レノルド兄さんは……本当にみなさんの想像で美化してもいいしグッサグサに刺しまくってもいいし。彼については本当に"よくわからない"状況で終わらせたかったんです。歪んでいて、でも妹をずっと想っていて、だけど一度の負の経験で彼の全てが壊れて、結局"戦争"というものに全てを奪われた不幸な少年。そんな彼が最後の最後に、本当にほんっとうに、ちょっとだけ、気まぐれなのか分からないけど妹を助けた。なんて。

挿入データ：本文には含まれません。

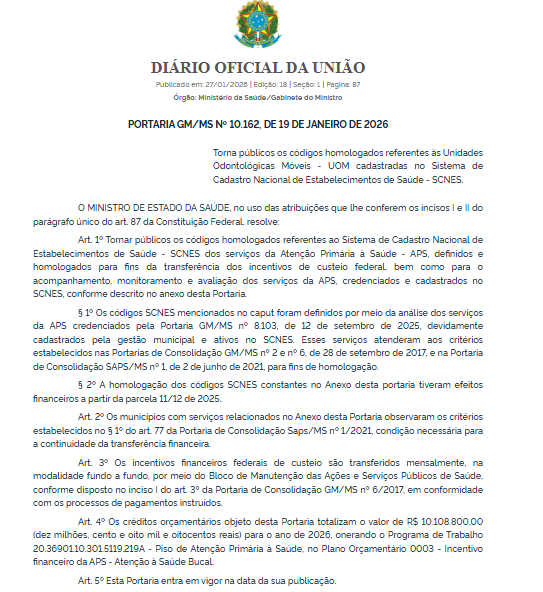 A portaria torna públicos os códigos das Unidades Odontológicas Móveis registrados no Sistema de Cadastro Nacional de Estabelecimentos de Saúde, etapa necessária para o acompanhamento, monitoramento e avaliação dos serviços ofertados pelo Sistema Único de Saúde. A homologação tem efeitos financeiros a partir da parcela 11 de 12 de 2025.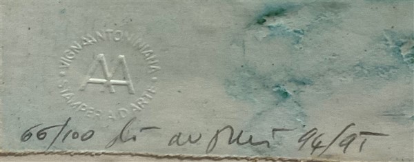 Firmata, numerata 66/100 e iscritta in basso a matita, timbro a secco Stamperia d'Arte Vigna Antoniniana in basso a sinistra. In cornice (difetti)

実は銃で撃つつもりは本当に無かったとして、ユーリと共謀して逃げることも出来たかもしれないけど その可能性を自分自身でぶち壊したお兄さんに乾杯(最低)。
とにもかくにも、みなさんそれぞれ想像してください。
そして原作登場チームに関しては
ロイドとヨルはなんやかんやお互いバレずにめっちゃ仲良し、アーニャも無事スカラーになっていてダミアンと仲良し(ダミアンは父親の罪を償うために そりゃもう頑張りまくってる、なんて妄想。)
しばらく経って西国にロイドたちが現れたり、簡易的な結婚式を挙げたり、それを茶化す姪のアーニャが居たりとか、めちゃくちゃユーリを睨みつけて"いつか姉弟揃って消してやるわ、ユーリ・ブライア"と胸中で呟くフィオナちゃん。――うん、夢って素晴らしい。。
長くなりましたが、書き足りませんが……ここまでにさせていただきます!
ぜひコメントやメッセージ頂けると嬉しいです!
サイコパス、呪術、チェンソー!
こちらも引き続き頑張ります!
すずめ。
PS
勝手な想像、ピーターのCVは内田雄馬さん。